Manual de instrucciones para entrar en el desierto


I

Cuando por fin entré en el desierto de mi alma, donde esperaba encontrarme contigo, no imaginaba lo difícil que sería dar siquiera ese primer paso: entrar. Cada vez que creía haber entrado, me descubría al amanecer afuera, rodeado de gente.

El primer día, por ejemplo, luego de caminar descalzo por la arena sin hallar otra cosa que arena en la que caminar descalzo, caí rendido con el sol. Me acosté al cobijo de una duna y, tratando de no pensar en el frío, me dormí.

Soñé que era aún de día, y caminaba yo por el desierto. En mi andar hallé a una pobre viuda, con su niño pequeño en brazos; al verme extendió la mano, pidiéndome su ayuda. Le di algunas monedas que por casualidad llevaba aún en el bolsillo.

Seguí mi camino. Más adelante encontré a un pobre hombre, y le dije:

-No puedo ayudarte. Hace un rato he dado todo el dinero que llevaba encima a una mujer. Era una pobre viuda, con su niño en brazos.

El hombre me miró con admiración, pensando que yo era muy bueno. Entonces, como él estaba desnudo, le di mi camisa.

Regresé donde estaba la viuda, y le dije:

-He hallado a un hombre muy pobre. No podía darle dinero, pues te lo he dado todo a ti; pero le he dado mi camisa.

-¡Qué bueno eres! –respondió la viuda.

Entonces le di la poca agua que llevaba, pues su hijo tenía sed.

Corrí donde el pobre hombre, y le dije:

-He dado mi agua a la viuda.

-¡Qué bueno eres! –dijo también el hombre.

Y le di mi pantalón, pues estaba medio desnudo.

Corrí a toda prisa donde la viuda, y le dije:

-¡He dado toda mi ropa al pobre hombre!

Y, desnudo, corrí por todo el desierto anunciando mi bondad a todas las personas que vivían en sus afueras.

Ese fue mi sueño. Cuando desperté estaba rodeado por todas las personas que me admiraban por mi generosidad. ¡Mi desierto estaba muy poblado! Y recordé, con tristeza, para qué había entrado al desierto: para encontrarme contigo, en la intimidad.
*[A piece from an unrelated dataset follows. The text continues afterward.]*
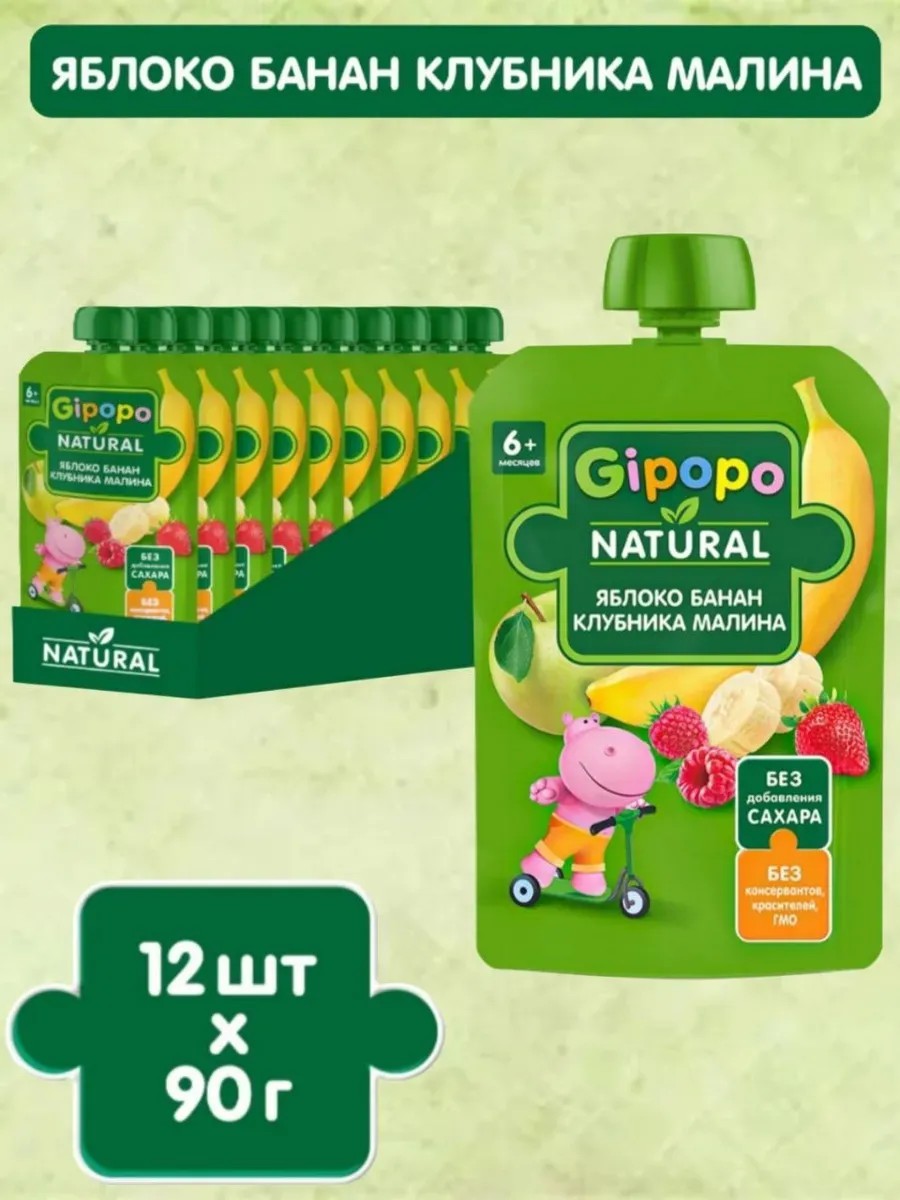 Детское пюре фруктово-ягодное GIPOPO в удобной упаковке - пауче подходят для питания малышей с 6 месяцев.
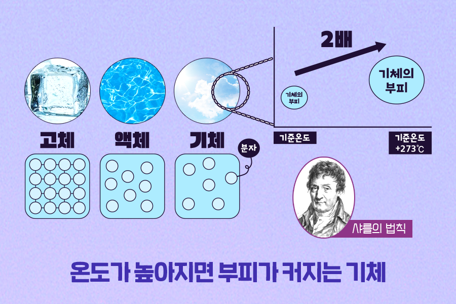 이때 온도가 높아지면 열에너지가 발생해 기체 분자의 운동을 활발하게 만드는데요. 분자의 움직임이 활발할수록 더 넓은 범위에 기체 분자가 퍼져 더 큰 부피를 차지하게 됩니다. 이 같은 기체의 성질을 정리한 것이 바로 ‘샤를의 법칙’인데요. 기준 온도에서 273℃가 올라가면 기체의 부피는 2배가 되는 기체의 성질을 설명하고 있습니다.

Y recordé tus palabras:

Cuando des limosna no hagas tocar la trompeta por delante, como hacen los hipócritas en los templos y en las calles para que los alabe la gente. Te aseguro que ya han recibido su recompensa.
Cuando tú hagas limosna, no sepa tu mano izquierda lo que hace tu derecha; de ese modo tu limosna quedará escondida, y tu Padre, que ve en la intimidad, te dará tu recompensa.


II

A la noche siguiente, soñé que caminaba de nuevo por el desierto. Entonces sentí hambre, y pensé: esto es bueno… ¡estoy sintiendo hambre por mi Señor! Y entonces caminé muy contento.

Vi a lo lejos que otras personas caminaban por el desierto, también en busca de Dios. Pensé que no estaría bien si me veían contento; pues la causa de mi alegría era el hambre, y se supone que el hambre duele. Entonces hice una mueca de dolor, me llené de arena el cabello y rasgué mi ropa, y ensayé durante un rato cómo caminan los cojos en la arena; una vez había dominado la técnica, me fui hacia las personas dando tumbos por el desierto, para que vieran mi ayuno con admiración.
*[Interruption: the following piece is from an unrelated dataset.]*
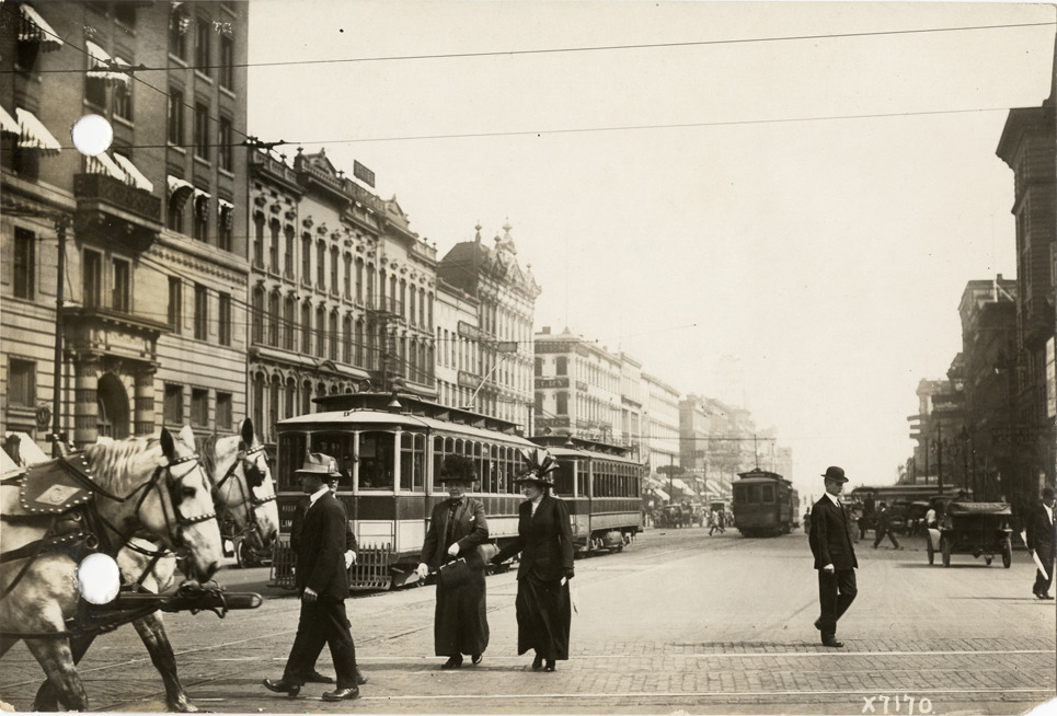Favorite this☆ Pedestrians crossing street Description: View of pedestrians crossing street in Detroit, Michigan. Horses in foreground; streetcars, Hotel Metropole and commercial buildings in background. Handwritten on back: "Danger on streets. Street scenes." Details Resource ID: na018979 Subject: Cable cars (Streetcars)--Michigan--Detroit Pedestrians--Michigan--Detroit Streets--Michigan--Detroit Photographic prints Date Issued: Unknown year Format: 1 photographic print ; 4.5 x 6.5 in. Member of: National Automotive History Collection Lazarnick Collection Filing Location: Street scenes Rights: Physical rights are retained by DPL. Copyright is retained in accordance with U.S. copyright laws.
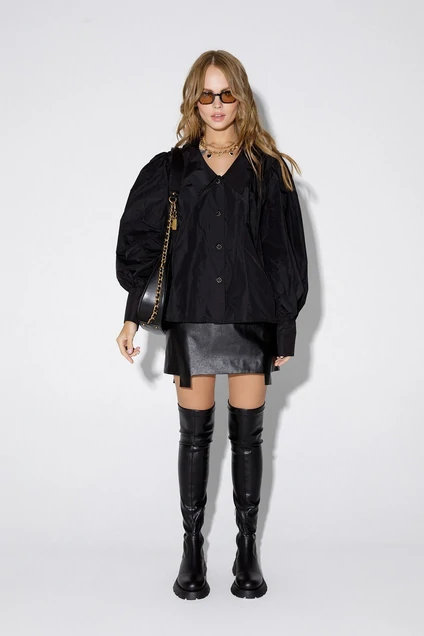 Мини-юбка из экокожи. Детали: высокая посадка, талиевые вытачки, без пояса, потайная застежка в среднем шве спинки, фигурный низ, на подкладке

Así fue como yo, que buscaba a Dios en la intimidad, terminé arrastrándome por la arena y seguido por una muchedumbre de gente que celebraba con gritos y tambores mi santidad. Cuando desperté… ¡mi desierto estaba muy poblado! Y recordé tus palabras:

Cuando ayunes no pongas cara triste como los hipócritas, que desfiguran la cara para hacer ver a la gente que ayunan. Te aseguro que ya han recibido su recompensa.
Tú, cuando ayunes, perfúmate la cabeza y lávate la cara, de modo que tu ayuno no lo vean los demás, sino tu Padre, que está en lo secreto; y tu Padre, que ve en la intimidad, te dará tu recompensa.


III

Soñé también que por fin te encontré. Entonces, alegre por haberte hallado en la intimidad, subí a la loma más alta y grité a los cuatro vientos:

-¡He encontrado a mi Señor, a quien tanto buscaba en lo íntimo de mi alma!
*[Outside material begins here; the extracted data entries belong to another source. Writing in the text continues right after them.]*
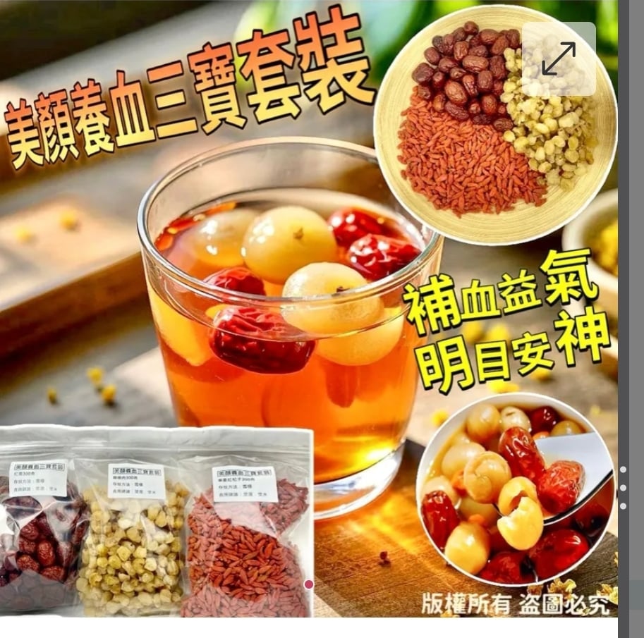 $98套, 2套或以上$88套, 美顏養血三寶套裝 ⛔截單日期:2025/10/07 06:00PM 📦預計貨到日:12月頭 👇👇美顏養血三寶套裝包括👇👇 1️⃣新疆紅棗300克🥇🥇 2️⃣寧夏杞子300克🥇🥇 3️⃣泰國桂圓肉300克🥇🥇 ❤️🔥❤️🔥焗水煲湯煮餸百搭套餐❤️🔥❤️🔥 💞💞養顏益氣補血安神套餐💞💞 市面上補氣血嘅材料份量一般好少,好快就用完🤨今次重磅推介套裝每款300克大包裝、真材實料看得見,想放幾多都可以,一定夠晒味道、真正做到補氣補血、明目安神功效🥰 超值推介💁♀️💁♀️靚女們必買養生補氣血套餐🍵🍵 無論任何季節靚靚們都適宜飲一些益氣養血茶、因為女土們每月一次月經令到身體虛弱🥴,所以日常要適當補下血氣🤗不僅滋補美顏,仲可以補血補氣☺️更能保護肝臟,增強造血功能,對人體健康十分有益🥰紅棗杞子元肉茶絕對係每位女士必備佳品🥰 清香甘甜容易入口,非常好飲同滋潤😍 將所有材料浸泡同沖洗乾淨: 放入熱水浸約15分鐘就飲得喇、焗同煲均可☺️紅棗剪開去核,味道更香甜😊 紅棗杞子圓肉都好適合用嚟煲湯,係煲湯常見嘅湯料嚟🏆🏆煲湯時放啲去煲湯🍵湯水香甜好飲之餘仲健康養生💯 🥇新疆紅棗:養血安神、有助補中益氣、味道香甜濃郁。 🥇寧夏杞子:粒大肉靚、含豐富胡蘿蔔素、維生素A、C等有利眼睛健康的必需營養 🥇泰國桂圓肉:有補益心脾,養血安神,補虛益智等功效,可治療心悸,失眠,精神不振,心煩不安,神經衰弱。 規格:1套 (紅棗、杞子、桂圓肉各300克) 存放方法:雪櫃 食用方法:直接用熱水沖泡、保溫壺焗水 ==⚠️ 聲明 ⚠️== 1.本貨品為平行進口正貨。 2.所有帖文內容只作分享及參考用途。為免混淆視聽,所有商標或版權均屬有關商品品牌商標的持有人,敬請留意。 3.空運/海運有可能因各種不明因素影響而延誤到貨,所有貨品一經訂購後,如非廠家缺貨,不設取消/退貨/換貨。 4.貨品在運輸途中導致產品包裝外盒有任何損毀凹陷,但不影響其產品本身食用/使用,或有機會不預設外盒出貨,我司不會作任何更換或退款。 5.以上資料及外盒包裝只供參考,商品外盒原廠有更換新包裝權利,一切以實物為準。 6.顏色或因拍攝器材或顯示螢幕等因素而與實物有異,以上圖片及文字僅供參考,一切以實物為準。
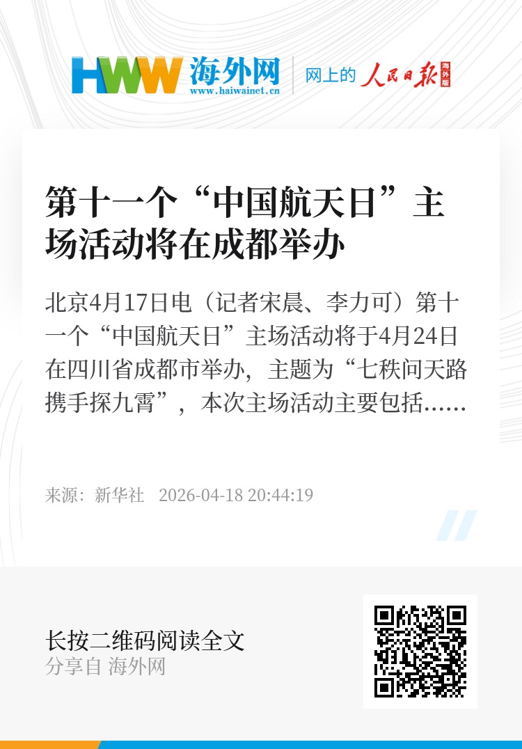 新华社北京4月17日电(记者宋晨、李力可)第十一个“中国航天日”主场活动将于4月24日在四川省成都市举办,主题为“七秩问天路 携手探九霄”,本次主场活动主要包括启动仪式、航天科普系列展览、航天文化艺术论坛等。
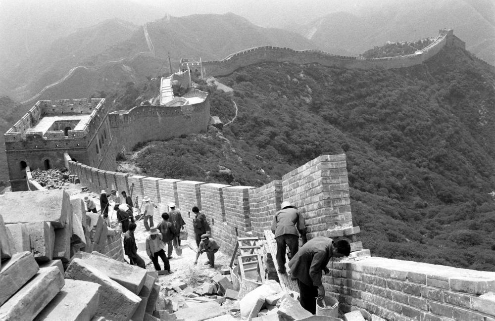 工人正在修複北京八達嶺長城的一段城牆。這是用由北京晚報、八達嶺特區辦事處等單位聯合發起“愛我中華 修我長城”社會(hui) 讚助活動所獲款項進行修複的第一期工程 (資料照片,1984年8月11日發)。新華社記者 袁汝遜 攝
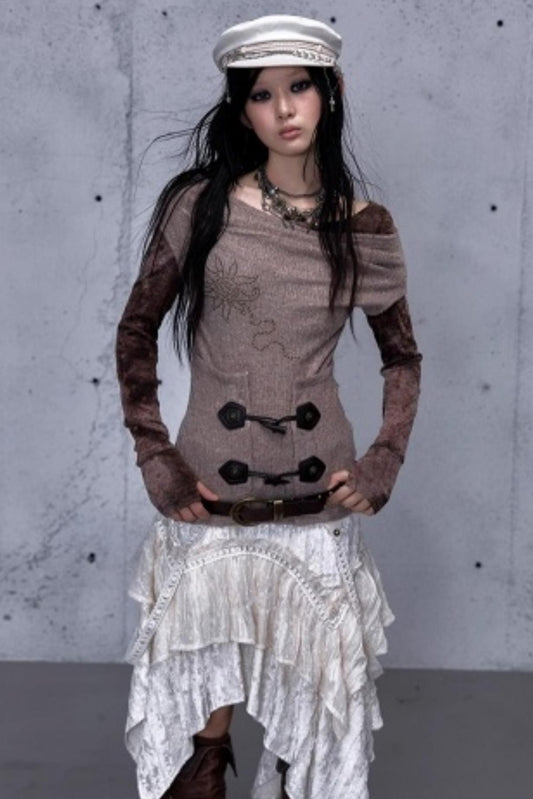 Wave Vintage Letter Embroidery Slim T-Shirt
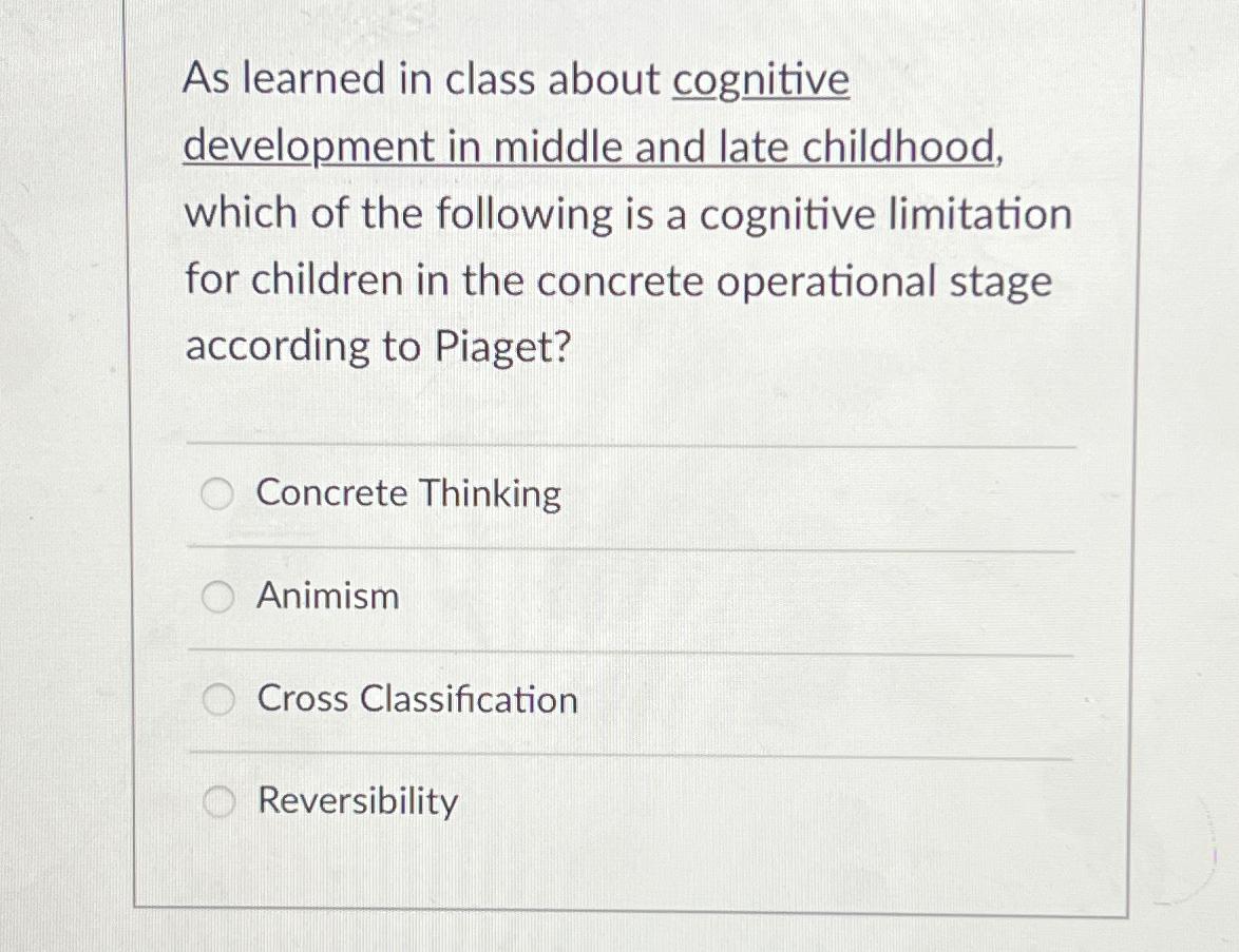 Solved As learned in class about cognitive development in Chegg Very well made.

Cuando desperté, lo íntimo de mi alma se había convertido en un desierto muy poblado; una muchedumbre de gente que gritaba y hacía sonar los tambores y las trompetas, alegres conmigo. Hacían sus danzas y proferían sus estridentes alabanzas, y me tomaron en brazos y me llevaron sobre sus hombros pues yo había encontrado a quien tanto buscaba… Pero tú estás en mi intimidad, y yo llené mi intimidad de ruido, y nuevamente estuve solo.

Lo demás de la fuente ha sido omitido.